Теперешний Наркевич совсем не походил на прежнего. Лицо его из бледного стало сероватым; черные, как дым, волосы — сивыми; надтреснутый голос превратился в плотный баритон; и по-детски узенькие плечи развернулись в длинное коромысло. Но как был он смолоду упорен, настойчив и в суждениях своих суховат, таким и остался. И попрежнему не хватало простора для творческой мысли в его умной, смелой и честной голове. Отношения Наркевича с Карбышевым складывались так, что разногласий между ними не было и не могло быть; только вел вперед Карбышев, а Наркевич лишь следовал с остановками; Карбышев открывал, а Наркевич догонял и придерживал.

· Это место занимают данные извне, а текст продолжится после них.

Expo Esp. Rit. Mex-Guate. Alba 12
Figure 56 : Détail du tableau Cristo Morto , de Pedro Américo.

Между тем время не шло, а бежало, и механика скорости, с которой оно совершало свой бег, казалась непостижимой. Дряхлое, безобразное исчезало, как сон, со старых улиц Москвы. Новое буйно поднималось на них в железобетоне и стекле гигантских сооружений, в сверкающем мраморе облицовок, в небывалой ширине тщательно выпрямленных трасс. И Карбышев и Наркевич — оба видели это. Вот они глядят из НИО в окно, как бы ожидая подсказки от того, что происходит снаружи. Но там нет ничего интересного. День хоть и майский, а серенький; в воздухе парит; пахнет близким дождем. По контрасту с этой обыкновенностью Наркевич вспоминает последние концерты Барсовой и Козловского. Наркевич знает толк в музыке, и ему приятно вспомнить, как пела вместе с Барсовой и Козловским жизнь и как в ее чистом голосе звенело счастье. На концерт Поля Робсона Наркевич не попал, но, когда Мариам Андерсен выступала в Большом зале консерватории, он сидел и слушал, застыв в немом очаровании. И сейчас он слушает, как за окном шумит Москва, но слышит все еще негритянскую песенку Андерсен…

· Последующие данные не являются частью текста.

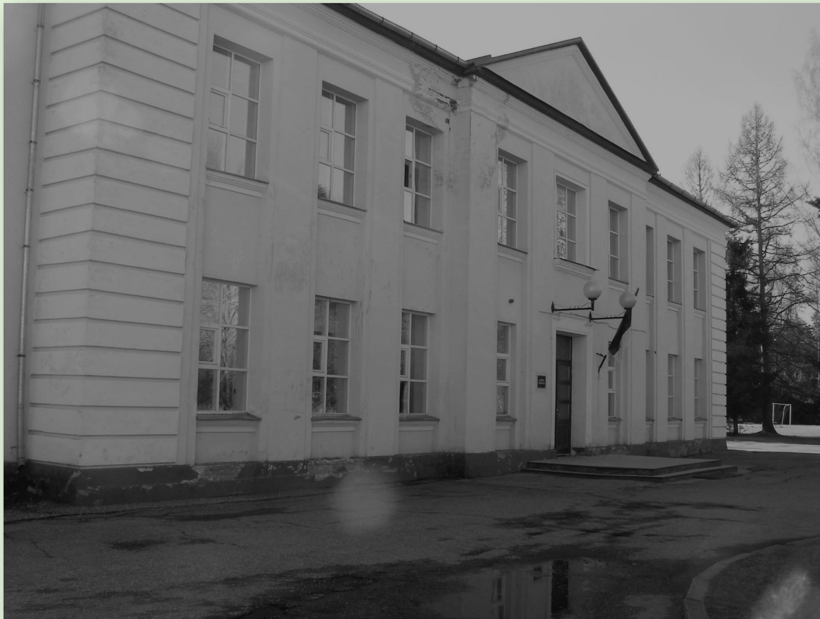
Saverna Põhikooli koolimaja 2010.

Alates 1. septembrist 1992 kannab kool Saverna Põhikooli nime ja töötab tänaseni.
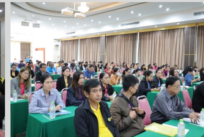
ยโสธรเมื่อเกษตรอินทรีย์ เมืองแห่งวิถีอีสาน
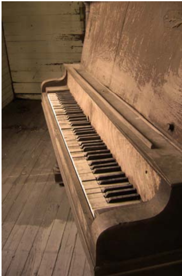
Emilio Ober, 2009. Certains droits réservés.

nombre de personnes vivant avec un handicap ou des problèmes de santé mentale. À la fermeture de l'établissement, en 2003, plusieurs ont été relocalisées à Plessisville dans des appartements ou des résidences privées, souvent laissées à elles-mêmes. Pour ces personnes, pour la plupart
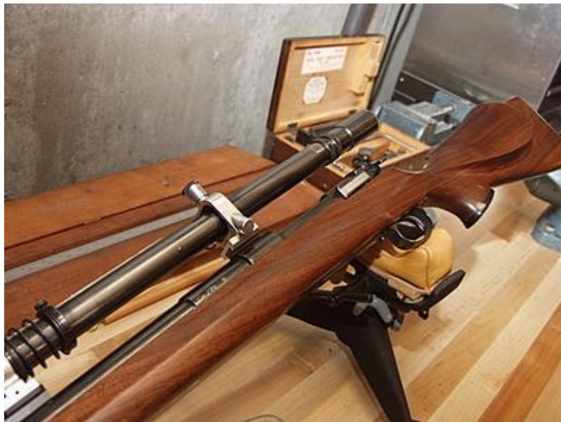
Ружейная болванка для винтовок и автоматов

Парит… Пахнет дождем… Все? Нет. Шумит Москва. Это — шум самой стремительной жизни на всем земном шаре. За Москвой идет страна, недавно завершившая гигантский тур великого пятилетнего труда. Вдруг что-то поднимает Карбышева со стула и ставит на ноги.
— Видите ли, Глеб… Я «их» понимаю. Но что же мне делать, если я люблю «новенькое»! А вы чем можете похвастать?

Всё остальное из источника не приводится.